下柳剛のシモネタ発見

WBC代表誘ってくれた王さん なんとスケールの大きな人なんだ

[ 2014年7月29日 05:30 ]

 スポニチアネックス読者のみなさま、ごぶさたしております。どうも、下柳です。

 先週の当欄で母校・瓊浦が長崎県大会で初戦突破したことをお伝えしました。しかも、強豪・佐世保実に勝ったと。でも、続く3回戦で小浜に0―1で敗戦…。母校が甲子園に出てこられんのは残念やけど、でも、3年生のみんなはどうもお疲れさん! 今は悔しい思いの方が強いやろうけど、仲間と過ごした3年間は一生の財産。次のステージへ向けて、また頑張ってほしいよね。

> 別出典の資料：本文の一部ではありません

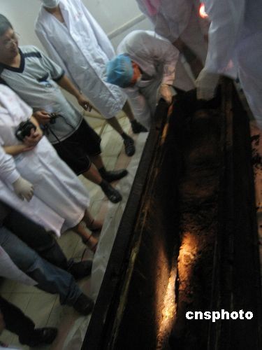 6月9日傍晚,一口据称是目前中国国内发现的密封程度最好、保存最完整、体积最大的“三合土”古棺椁,在广西上思县被专家们抢救性开启,古棺内的尸骸(身)保存较为完整。关于古棺内的具体情况,以及墓葬主人的身份等更多相关资讯,有待专家学者去开展进一步发掘方能“真相大白”。中新社发 杨强 摄

 さて、本日は王さんとのことを書かせてもらうことにしますわ。

 1995年に王さんがダイエーの監督に就任されたんやけど、当時のオレは若気の至りというかまだまだとんがっていてね。いま、思い出してみても、随分と反抗的な態度を取っていたように思う。コミュニケーションも取ろうとしていなかったし。

 で、その年もいろんなことがあって、最終的にはオフに日本ハムへトレードへ出されることになった。今でこそ書けることやけど、トレードに出された監督に当たるわけやから、もう王さんの顔も見とうない! そんな感情は日本ハムの間も、阪神へ移籍してからもず~っとオレの中で消えんかった。

 でも、人生は何が起こるか分からない。阪神へ移籍して3年目だった2005年のシーズン。ここでも何度か書かせてもらったけど、15勝を挙げ史上最年長で最多勝のタイトルを獲得することができた。

 シーズンが終わってから、オレはプロ野球コンベンションに出席するため、札幌ドームにおった。王さんも同じくコンベンションに出席するため、来られていてね。表彰式が始まると、王さんがオレのところへ来られてこうおっしゃった。

 「シモ、来年のWBCに来てくれんか」

 読者のみなさんもご存じのように、王さんは第1回WBCで日本代表の監督を務めることが決まっていた。その日本代表監督の立場から、オレに声をかけてくださっている。光栄なこととはいえ、やっぱり、オレも戸惑ったよ。

 05年、阪神はリーグ優勝を果たしたとはいえ、日本シリーズではロッテ相手に4連敗という屈辱的な終わり方をしていた。その分、やっぱり、06年シーズンにかける思いは強かったしね。

 もしも、WBCへ行くとなると、調整法が随分と変わってしまう。チームのことを考えると、どうしてもね…。

 それに「JAPAN」のユニホーム、つまり日の丸を背負うことの怖さもあった。「果たして、オレは大丈夫なんだろうか?」。そんないろんな思いが渦巻いてきて、最後は王さんに丁重に辞退を申し出た。

 でもなぁ。今だから思うことやけど、やっぱりチャレンジしてみても良かったのかなぁとも思う。だって、世界一になったんやもん(笑)。その瞬間、テレビで見ていたけど、自分のことのように興奮したよね。

 実は社会人の新日鉄君津時代にもオリンピックの日本代表候補に選ばれたこともあった。でも、当時のオレはプロ1本。不思議なほどオリンピックへの憧れもなかったから、日本代表の関係者の人に「プロへ行きます」と伝えた。そしたら、速攻、候補から外されたけどね(笑)。

 ちょっと話は逸れたけど、WBCが終わってからダイエーとのオープン戦があった。王さんのもとへ挨拶に行ったら「シモ、世界一になれたよ!」と握手を求められてね。

 その時に改めて、思ったよね。

 「王さんという人は、なんとスケールの大きな人なんだ」ってね。

 オレやったら、自分がトレードで出したような選手はまず、そんなところへ呼ばない。でも、王さんはそんなことは関係なく、日本代表のため、勝利のために、オレに声をかけてくれた。本当に、ありがたいことやと思うよね。